Japanese people pay attention to the status, seniority, age and many other things when talking with other people. When you meet some Japanese people, use the appropriate style. Otherwise, they can feel offended. This article explains Japanese introductions based on the level of politeness.
When introducing yourself in Japan (jikoshōkai), you should bow slightly in the beginning and at the end, Do not show the back, the men have their hands along the body, women have their hands in front of the body. The opening phrase Hajimemashite indicates that you are going to introduce yourself for the first time.
In Japan, you say as much information as you can about yourself. Of course, not always the circumstances permit it, so where it is not appropriate say just your name. In situations where it is possible to say more about yourself, say, for example: what school you have finished, your marital status, age, interests, and so on. Remember, that women are always more polite in communication. The form of introduction depends on the situation, and the other person. There is a difference in introducing yourself in a night bar and in a new job. There is a simple rule that can help you: the longer the phrase, the higher degree of politeness.
If you are not sure which form of introduction to choose, always use the neutral form.
Now, let’s look at some self introduction samples. Don’t forget that to correctly present yourself in Japanese is the key. First impression is important, right?
In an informal introduction, the starting phrase Hajimemashite may be omitted. For example, just say the name / occupation / age. The word “desu” in the informal speech is shortened to “da”. Similarly, the “iimasu” is shortened to “tte iu n da”. There is a difference between a woman’s and man’s introduction.
Example introduction, if you are a woman:
Atashi wa Sandra desu. / Watashi, Sandra da. (I am Sandra)
Amerika kara kite ru. / Nihon kita. (I am from America)
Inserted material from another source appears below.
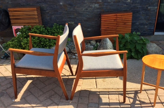 Pair of MCM Teak or Walnut Arm Lounge Chairs for Living or Dining Room, $249 each

Nihon ni iru aida wa yoroshiku desu. (Take care of me, while I am in Japan)
Example introduction, if you are a man:
Boku wa Kenesu tte iu n da. Kanada kara kite ru. (I am Keneth. I came from Canada)
Mada shinguru da shi. (I am single)
Yoroshiku. (Closing phrase, something like “take care of me”)
Another form of Japanese introductions is the neutral form, which you use e.g. on a conference, where you don’t know the attendees, or in a group of people who have similar status as you.
Hajimemashite. (Starting phrase which indicates that you are going to introduce yourself)
Smith Sandra desu. (I am Sandra Smith)
29sai desu. (I am 29 years old)
Amerika kara kimashita. / Amerikajin desu. (I am from America / I am American)
XYZ-kaisha no enjinia desu. (I am an engineer at XYZ company)
Kekkon shite imasu. (I am married)
Dōzo yoroshiku / Dōzo yoroshiku onegai shimasu. (Closing phrase. The longer the phrase, the more politeness you show)
Use formal introduction e.g. in a new job, when communicating with superiors or seniors (senpai), famous and elderly people. The verb “mōsu” is a modest variant of “iu” (to say).
Hajimemashite. Yamada Naomi to mōshimasu. (My name is Yamada Naomi)
Hiroshima no honsha kara kochira ni tenkin ni natte orimashita. (I was transferred here from Hiroshima’s main office)
Kon’yaku shite orimasu. (I am engaged)
Dōzo yoroshiku onegai itashimasu / Dōzo yoroshiku onegai shimasu. (Polite closing phrase)
Now, it is your turn. Pick one of the Japanese introduction styles and introduce yourself in Japanese.